Commonly abbreviated as o11y, observability is a composite strategy involving inspecting a service’s performance, availability, quality, and how it affects other system components.
So is observability different from the practice of simply monitoring systems and applications? We must answer this question in the context of the history of application architecture. Even though some practitioners use the terms interchangeably, o11y has the connotation of being a modern approach to monitoring.
Client-server architecture relied primarily on monitoring system metrics such as CPU and memory during the days when physical servers hosted monolithic applications. As application architecture transitioned from the client-server model to one based on microservices, the priority shifted from monitoring systems (CPU and memory) to monitoring services (latency and error rate). While this transition unfolded, new technologies allowed systems administrators to index and search terabytes of system and application logs distributed throughout their infrastructure and trace a single transaction through the application tiers.
The industry needed a new name to distinguish this new approach of monitoring services using new technologies from the old practice of monitoring infrastructure usage metrics, and that’s how the term o11y was coined. This evolution doesn’t mean monitoring the infrastructure systems is no longer required; it just means that the two paradigms must work in tandem.
This article discusses the three key pillars of observability, the purpose they solve in observing distributed systems, use cases, and popular open-source tools.
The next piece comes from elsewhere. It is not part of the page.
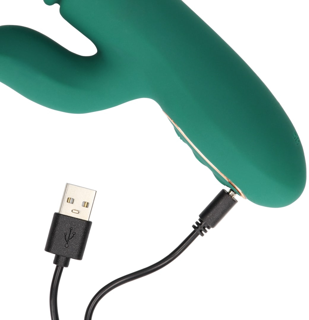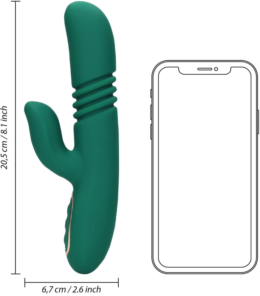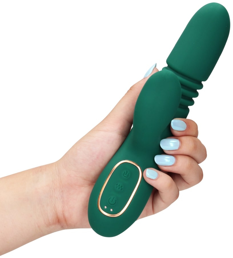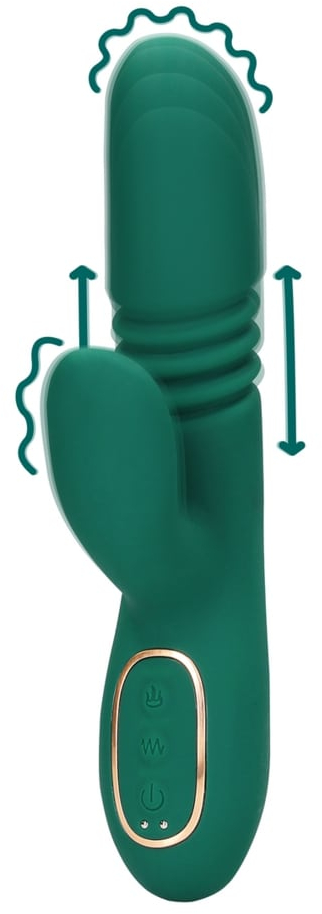 Thrusting Rabbit – роскошный вибромассажер с функцией «поступательное движение» и функцией нагрева до приятной температуры в 42°C. Особенностью этой линейки является особый мягкий и нежный силикон высшего качества, который создаёт уникальные ощущения от прикосновения и особым образом передает телу вибрации. Два самостоятельных мотора обеспечивают отдельно управление различными функциями вибрации и функциями пенетрации.

We also discuss the various recommended practices for the efficient administration of an o11y framework.
Key pillars of o11y
Observability relies on key insights that help determine how the system works, why it behaves the way it does, and how changes can be made to improve its performance. These insights collectively help describe inherent issues with system performance and are categorized as the three pillars of observability.
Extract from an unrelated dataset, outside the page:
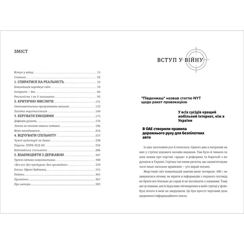 Дмитро Кулеба, міністр закордонних справ України та автор книжки на реальних прикладах пояснює п’ять принципів, які допоможуть перемогти в інформаційних війнах – про спирання на реальність, критичне мислення, керування емоціями, відчуття спільноти та взаємодію з державою. Поштовхом до написання цієї книжки стала анексія Криму та початок війни в Україні у 2014 році, в якій брехня та маніпуляції стали ключовими інструментами. Ці принципи захисту в гібридній війні не змінилися з 2014 року, вони ті самі і ще більш актуальні після повномасштабного вторгнення.

Administering observability with key pillars
The pillars of observability are essential indicators that measure external outputs to record and analyze the internal state of a system. This information can be used to reconstruct the state of the application’s infrastructure with enough detail to analyze and optimize software processes.
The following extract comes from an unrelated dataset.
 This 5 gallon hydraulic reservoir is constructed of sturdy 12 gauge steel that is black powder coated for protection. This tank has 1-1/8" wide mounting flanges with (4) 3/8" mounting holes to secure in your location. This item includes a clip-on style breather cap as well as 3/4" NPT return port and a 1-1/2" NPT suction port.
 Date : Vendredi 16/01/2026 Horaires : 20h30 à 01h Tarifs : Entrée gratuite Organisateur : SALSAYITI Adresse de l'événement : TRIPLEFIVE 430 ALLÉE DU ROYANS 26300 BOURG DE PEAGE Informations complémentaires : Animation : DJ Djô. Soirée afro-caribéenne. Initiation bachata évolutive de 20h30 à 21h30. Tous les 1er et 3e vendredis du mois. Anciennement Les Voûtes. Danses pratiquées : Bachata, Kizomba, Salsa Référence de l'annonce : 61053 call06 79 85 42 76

Metrics are numerical representations of performance and security data measured in specific time intervals. These time-series data representations are derived as quantifiable measurements to help inspect the performance and health of distributed systems at the component level. Site reliability engineers (SREs) commonly harness metrics with predictive modeling to determine the overall state of the system and correlate projections for improving cluster performance. Since numerical attributes are optimized for storage, processing, compression, and retrieval, metrics allow for longer retention of performance data and are considered ideal for historical trend analysis.
Factors to consider before using metrics for observing distributed systems
- First, consider the amount of data being generated by a system and whether it is possible to collect and process all this data in a timely manner. If not, then using metrics can help provide a more accurate picture of what is going on with the system. For instance, collecting granular data can help resolve issues quickly, but it may also impact the system’s storage and processing. To avoid this, it is recommended to only capture data that will give you valuable insights over time instead of collecting and hoarding data that will never be used.
- Another factor to consider is the level of granularity required for the observability metric. For example, if you are trying to detect problems with a specific component of the system, you will need metrics that are specific to that component. On the other hand, if you are trying to get a general sense of how the system is performing, then less specific metrics, such as system metrics for garbage collection or CPU usage, may be sufficient.
- Finally, it is also important to assess the duration for which you need data for observability purposes. In some cases, real-time data may be necessary to quickly detect and fix problems. In other cases, it may be sufficient to collect data over longer periods of time to build up trends and identify potential issues. For example, if you’re monitoring CPU utilization, a sudden spike could indicate that something is wrong, but if you’re monitoring memory usage, a sudden spike might not be as significant.
Limitations of metrics
- Metrics are system-scoped, meaning that they can only track what is happening inside a system. For example, an error rate metric can only track the number of errors generated by the system and does not give any insights that may help determine why the errors are occurring. This is why log entries and traces are used to complement metrics and help isolate the root causes of problems.
- Using metrics labels with high cardinality affects system performance. A typical example of this is a distributed, microservices architecture that can result in millions of unique time-series telemetry data elements. In such instances, high metrics cardinality can quickly overwhelm the system by processing and storing enormous amounts of data.
Using Prometheus for metrics collection and monitoring
Prometheus is one of the most popular open-source alerting platforms that collects metrics as time-series data. The toolkit uses a multi-dimensional data model that identifies metrics data using key-value pairs. Prometheus also supports multiple modes for graphing and dashboarding, enhancing observability through metrics visualization.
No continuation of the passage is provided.